Artificial intelligence: How to avoid racist algorithms
There is growing concern that many of the algorithms that make decisions about our lives – from what we see on the internet to how likely we are to become victims or instigators of crime – are trained on data sets that do not include a diverse range of people.
The result can be that the decision-making becomes inherently biased, albeit accidentally.
Try searching online for an image of “hands” or “babies” using any of the big search engines and you are likely to find largely white results.
In 2015, graphic designer Johanna Burai created the World White Web project after searching for an image of human hands and finding exclusively white hands in the top image results on Google.
Her website offers “alternative” hand pictures that can be used by content creators online to redress the balance and thus be picked up by the search engine.
Google says its image search results are “a reflection of content from across the web, including the frequency with which types of images appear and the way they’re described online” and are not connected to its “values”.
Ms Burai, who no longer maintains her website, believes things have improved.
“I think it’s getting better… people see the problem,” she said.
“When I started the project people were shocked. Now there’s much more awareness.”
The Algorithmic Justice League (AJL) was launched by Joy Buolamwini, a postgraduate student at the Massachusetts Institute of Technology, in November 2016.
She was trying to use facial recognition software for a project but it could not process her face – Ms Buolamwini has dark skin.
“I found that wearing a white mask, because I have very dark skin, made it easier for the system to work,” she says.
“It was the reduction of a face to a model that a computer could more easily read.”
It was not the first time she had encountered the problem.
Five years earlier, she had had to ask a lighter-skinned room-mate to help her.
“I had mixed feelings. I was frustrated because this was a problem I’d seen five years earlier was still persisting,” she said.
“And I was amused that the white mask worked so well.”
Ms Buolamwini describes the reaction to the AJL as “immense and intense”.
This ranges from teachers wanting to show her work to their students, and researchers wanting her to check their own algorithms for signs of bias, to people reporting their own experiences.
And there seem to be quite a few.
One researcher wanted to check that an algorithm being built to identify skin melanomas (skin cancer) would work on dark skin.
“I’m now starting to think, are we testing to make sure these systems work on older people who aren’t as well represented in the tech space?” Ms Buolamwini says.
“Are we also looking to make sure these systems work on people who might be overweight, because of some of the people who have reported it? It is definitely hitting a chord.”

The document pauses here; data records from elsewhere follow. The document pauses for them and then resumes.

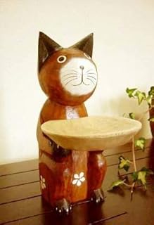 アジアン雑貨 バリ雑貨 トレイ持ちナチュラルネコ <ブラウン> ネコ 置物 オブジェ 小物入れ プランター 猫 ねこ グッズ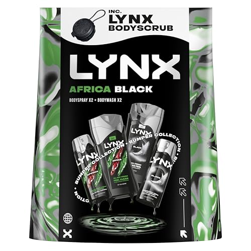 Lynx Africa & Black Bumper Gift Set with two body wash and body spray duos & a Body Scrub Tool perfect gifts for him 4 piece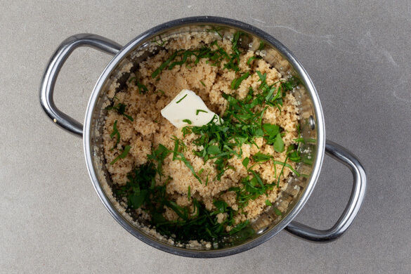 In einem kleinen Topf 300ml Wasser mit der ½ des Brühgewürzes zum Kochen bringen. Den Bulgur in das kochende Wasser rühren und abgedeckt bei niedriger Hitze 5–7Min. sanft köcheln lassen, bis das Wasser aufgesaugt und der Bulgur gar ist. Noch ca. 5Min. ohne Hitzezufuhr ziehen lassen.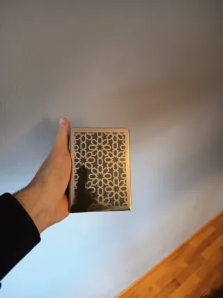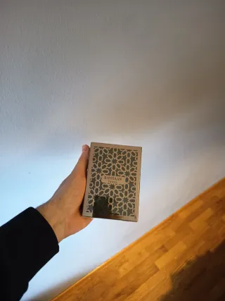 Este es el perfume Rayhaan Terra. - Envase con diseño geométrico. - Tonos dorados y marrones.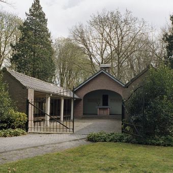 Patronaatsgebouw aan De Schans, baksteen met knipvoeg opgetrokken eenlaags gebouw onder zadeldak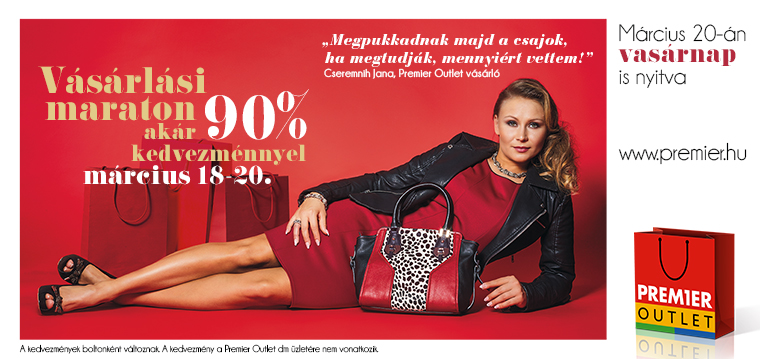 Március 18. és 20. között a Premier Outlet hatalmas Vásárlási Maratont rendez, ahol a legnépszerűbb világmárkák kínálatából, akár 90%-os kedvezményekkel pezsdíthetjük fel tavaszi ruhatárunkat.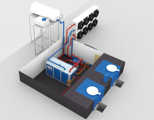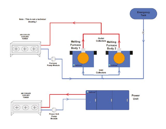 En este tipo de sistemas de refrigeración, el agua de refrigeración de la unidad de potencia y el horno de fusión es un circuito completamente cerrado, y hay dos circuitos de refrigeración, donde el horno de fusión y la unidad de potencia tienen sus propias torres. El agua destilada se puede utilizar en el circuito de la unidad de potencia, y el agua de red (agua blanda) se puede utilizar en el circuito del horno de fusión. Para evitar que el sistema se congele durante las estaciones frías, es necesario agregar mono etilenglicol. En caso de corte eléctrico, se puede usar agua de red o tanque de reserva para enfriar los hornos de fusión. Aparte de estos, las bombas del circuito.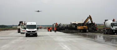 Unter Flugbetriebsflächen werden Runways (Start- und Landebahnen) sowie Taxiways und Vorfelder (Parkflächen vor den Terminals) zusammengefasst. Die Anforderungen an den Beton sind aufgrund der hohen dynamischen und statischen Belastungen sowie aufgrund des Einsatzes von aggressiven Taumitteln sehr hoch. Der Einbau erfolgt mit Gleitschalungsfertigern bis zu einer Breite von 15 m. Die Betondecke wird bis zu einer Dicke von 40 cm einschichtig und zweilagig mit Verdübelung und Verankerung eingebaut.
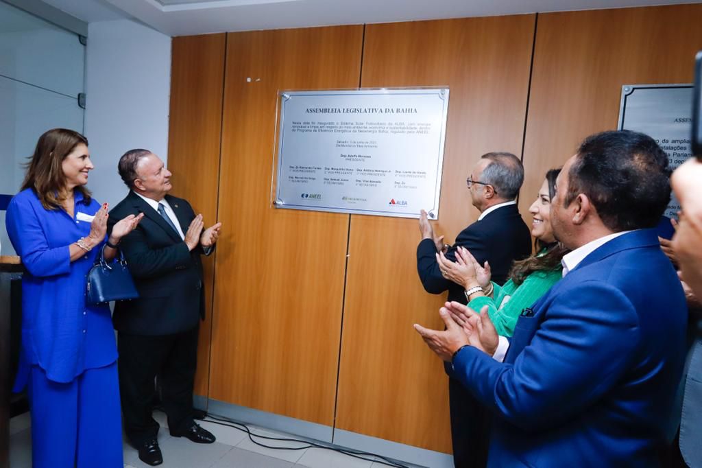 No Dia Mundial do Meio Ambiente, o presidente da Assembleia Legislativa da Bahia – ALBA, deputado Adolfo Menezes, inaugurou nesta segunda-feira (05), com a participação do diretor-presidente da Neoenergia Coelba, Luiz Antônio Ciarlini, e de deputados e servidores, o Sistema Solar Fotovoltaico da ALBA, com energia renovável e limpa, com respeito ao meio ambiente e sustentabilidade, além de uma economia anual de R$ 130 mil com a conta de energia. Todo o investimento de R$ 904 mil, com placas e troca de 4.957 lâmpadas fluorescentes por outras, de LED, foi feito pela Neoenergia Coelba, dentro do seu programa de eficiência energética, regulado pela ANEEL.

Ms Buolamwini thinks the situation has arisen partly because of the well-documented lack of diversity within the tech industry itself.
Every year the tech giants release diversity reports and they make for grim reading.
- Google’s latest figures (January 2016) state that 19% of its tech staff are women and just 1% are black.
- At Microsoft in September 2016 17.5% of the tech workforce were women and 2.7% black or African American.
- At Facebook in June 2016 its US tech staff were 17% women and 1% black.
You get the picture. But what has that got to do with algorithms?
“If you test your system on people who look like you and it works fine then you’re never going to know that there’s a problem,” Joy Buolamwini argues.
Of the 44 winners of a beauty contest last year judged by algorithms, and based on some 6,000 uploaded selfies from 100 different countries, only one was non-white and a handful were Asian.
Alex Zhavoronkov, Beauty.AI’s chief science officer, told the Guardian the result was flawed because the data set used to train the AI (artifical intelligence) had not been diverse enough.
“If you have not that many people of colour within the data set, then you might actually have biased results,” he said at the time.
On a more serious note, AI software used in the US to predict which convicted criminals might reoffend, was found to be more likely to incorrectly identify black offenders as high risk and white offenders as low risk, according to a study by the website Propublica (the software firm disputed these findings).
Suresh Venkatasubramanian, an associate professor at the University of Utah school of computing, says creators of AI need to act now while the problem is still visible.
“The worst that can happen is that things will change and we won’t realise it,” he told the BBC.
“In other words the concern has been that the bias, or skew, in decision-making will shift from things we recognise as human prejudice to things we no longer recognise and therefore cannot detect – because we will take the decision-making for granted.”
He is however optimistic about tech’s progress.
“To say all algorithms have racist manifestations doesn’t make sense to me,” he says.
“Not because it’s impossible but because that’s not how it’s actually working.
“In the last three to four years what’s picked up is the discussion around the problems and possible solutions,” he adds.
He offers a number of these:
- creating better and more diverse data sets with which to train the algorithms (they learn by processing thousands of, for example, images)
- sharing best practice among software vendors, and
- building algorithms which explain their decision making so that any bias can be understood.
Ms Buolamwini says she is hopeful that the situation will improve if people are more aware of the potential problems.
“Any technology that we create is going to reflect both our aspirations and our limitations,” she says.
“If we are limited when it comes to being inclusive that’s going to be reflected in the robots we develop or the tech that’s incorporated within the robots.”